India became the world's back office, starting with business process automation, call centers, and service desk. Then it morphed into building software for the world, including for DMVs in the US.

Initially, the market was (and still is if you know your niche) quite big—a lot of room for many players. The big three - Infosys, TCS, and Wipro - led the way.

Then, smaller John Does under the Sun opened IT shops in India. Again, no entry barrier. No pre-requisite in terms of skill or certification.

Then came the 2007-2008 revolution of the Apple iPhone. Mobile apps came along, and it turned 'web development' on its head. More IT shops emerged, and vendors commoditized software development as an 'offering.' Lease a 'resource' by the hour or by the month.

IT shops became grocery shops.

More recently, in their finest moment of wisdom, Software Engineers developed solutions that would not require Software Engineers for software development. We now have no-code/low-code platforms that can spin up software & apps on-demand and through drag-and-drop interfaces (remember the Visual Basic days?).

More commoditization. More competition. Even less USP for traditional software development providers.

Entrepreneurs can now test & validate ideas using low-code/no-code platforms and don't need the services of IT companies till they need something complex or very custom.
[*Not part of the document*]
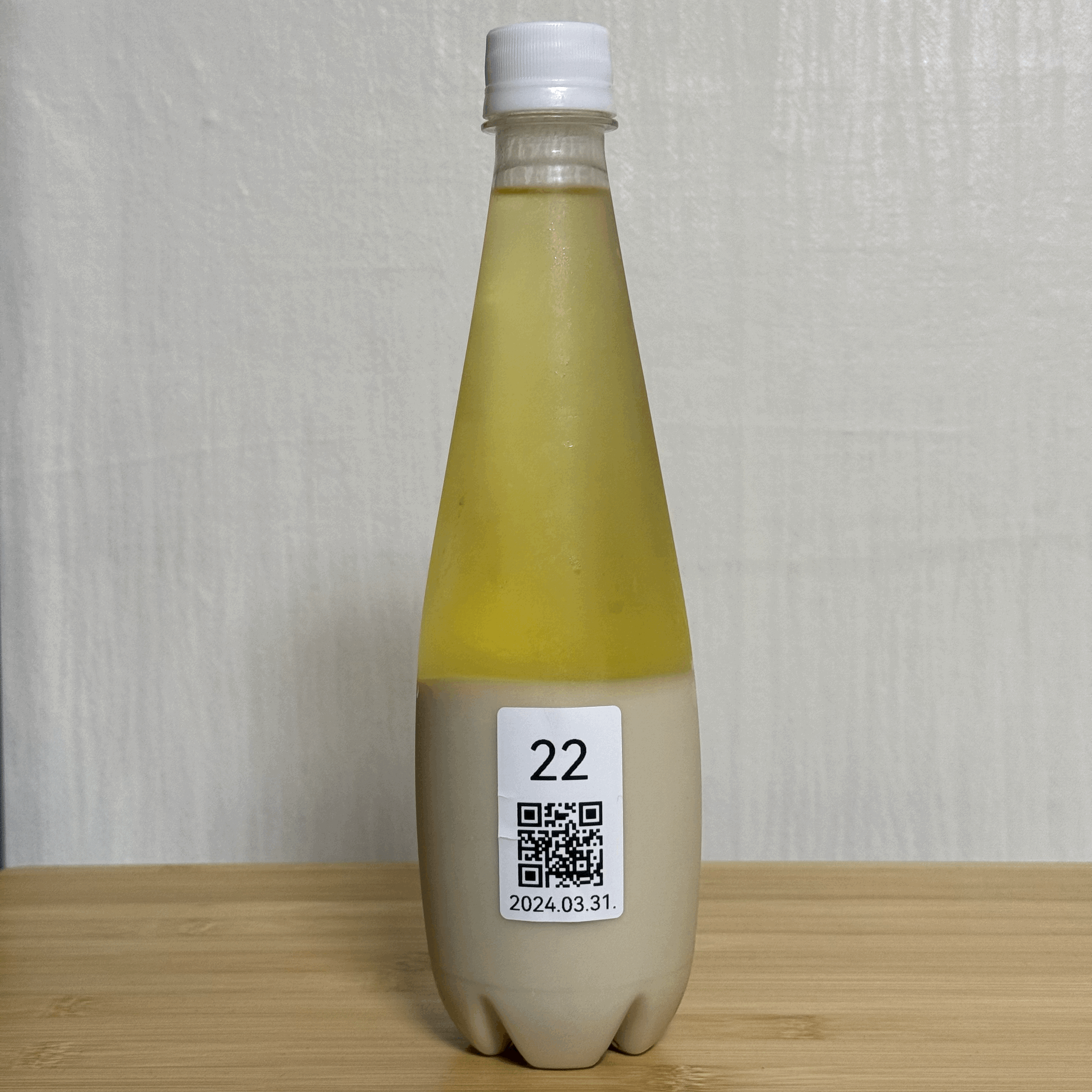 전내기(원주)는 1L 8병과 500mL 7병이 나왔고, 자투리로 600mL 정도 1병 더 나왔다. 술병에 담을 때 금방 마실 병은 정량보다 조금 더 많이 담기도 했으니 대략 1L 9병, 500mL 7병으로 봐도 될 것 같다. 그렇게 보면 대략 전내기는 12.5L 나왔다고 봐도 될 것 같다.

Enterprises want low-code / no-code experiments as the Fed tightens the belt & the benchmark rate continues to rise.

The subsequent saturation would be in the low-code / no-code space as traditional software development companies go under unless they evolve.

You'd be choosing a low-code development platform, like picking your beverage from Starbucks' lineup of offerings in multiple sizes.

What would be the USP of these no-code / low-code platforms?


The Marketers always had it right. Focus on the USP. The rest will follow.

What's your USP as an employee or business owner? How would you blend malleability into the USP?